Child victimization maltreatment bullying and dating violence prevention and intervention Fre chate room grany gratuit

1992; Feldman and Meyer 2007; Morris and Balsam 2003).For example, approximately 50 % of gay and bisexual African American and Latino men reported childhood sexual abuse compared to 32 % of White gay and bisexual men (Doll et al. Important racial and ethnic differences in family and community norms, attitudes, and values (e.g., centrality of religion and the church, importance of fulfilling familial roles and obligations, gender role expectations, definitions of masculinity and femininity) might help explain these potentially higher rates of childhood abuse among sexual minority youth of color (Brooks et al. In addition to child maltreatment, certain individual-level characteristics (i.e., age, gender, sexual orientation, genderrole conformity, and sexuality disclosure) are associated with bullying victimization among sexual minority youth. In addition to age, research suggests that gay and bisexual males are more at risk of becoming bullied than their lesbian and bisexual female counterparts (D’Augelli et al.
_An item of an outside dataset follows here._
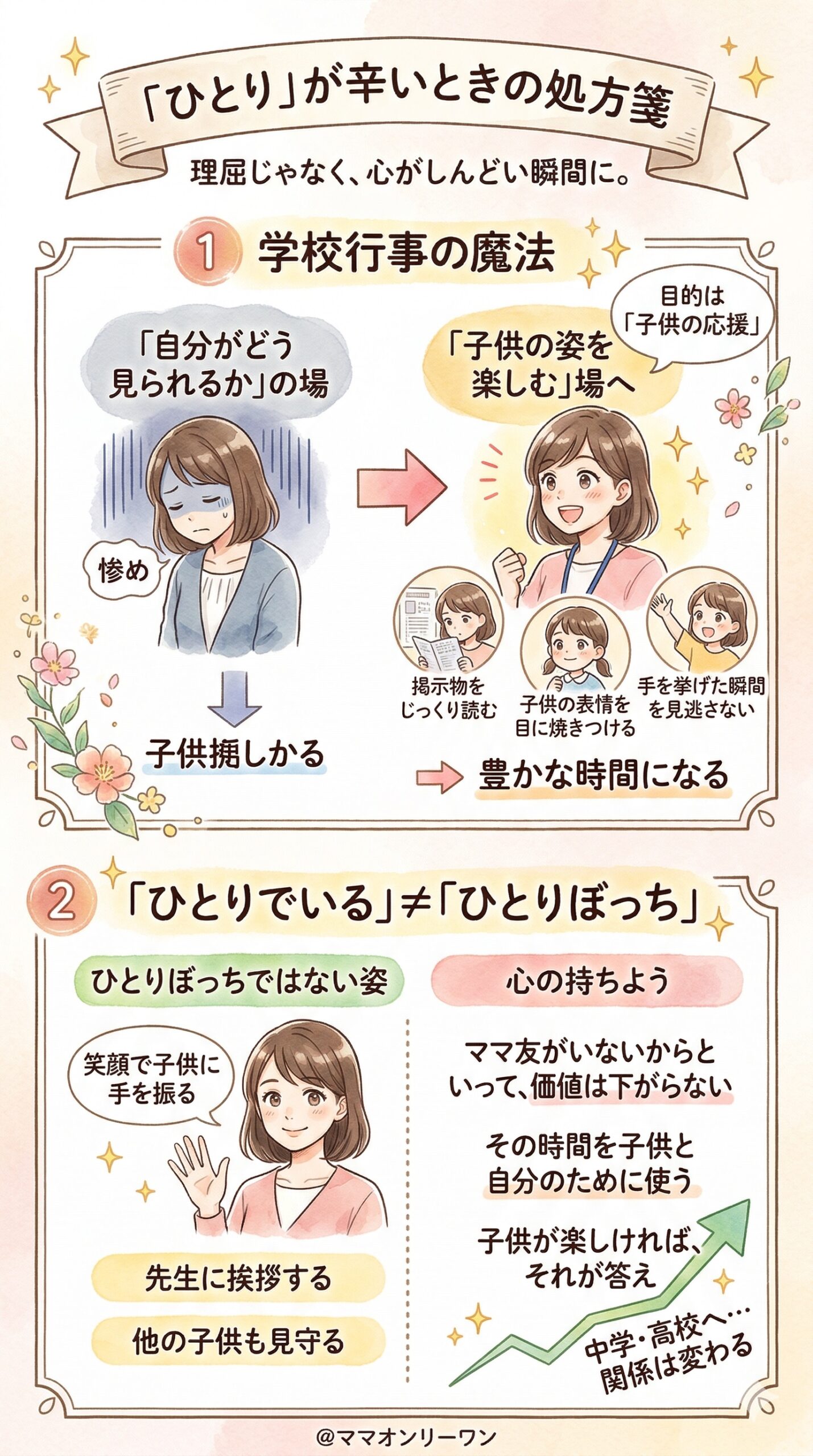 参観日に話す相手がいなくても、子供には笑顔で手を振れる。先生に挨拶できる。他の子供たちの様子を温かく見守れる。その全部が「ひとりぼっち」とは正反対の姿です。

Furthermore, bisexual and questioning youth were more likely to report being bullied than their gay, lesbian, and heterosexual peers (Birkett et al. Sexual minority youth who are more gender-role conforming report lower frequencies of being bullied compared to their less gender-role conforming counterparts (Friedman et al. Finally, sexual minority youth with higher levels of sexuality disclosure are also more likely to be victimized than their less Bout^ counterparts (Diamond and Lucas 2004).

child victimization maltreatment bullying and dating violence prevention and intervention-32

Auslander 4 # Springer International Publishing 2016 Abstract Child maltreatment and bullying victimization disproportionately affect sexual minority youth.

Utilizing a community-based sample of sexual minority youth (N = 125, 15–19 y/o), this study provides estimates of child maltreatment and bullying victimization, identifies their associations, and explores psychological distress as a potential mediator. The burden of child maltreatment is not equally distributed across all adolescent populations, with sexual minority youth (i.e., gay, lesbian, bisexual, queer, and questioning) at significantly greater risk than their heterosexual counterparts (Balsam et al. 2005), a limited number of studies have examined the relationship between child maltreatment and adolescent revictimization.

The study was approved by the Institutional Review Board at a major Midwestern research university.

Due to the risks associated with sexuality disclosure to parents (Mustanski 2011), we received a parental waiver of consent.

We did not gather any identifying data that could be used for data triangulation (e.g., zip code, county, school name) to further protect the participants’ confidentiality.

The National Institute of Child Health and Human Development issued the study a Certificate of Confidentiality.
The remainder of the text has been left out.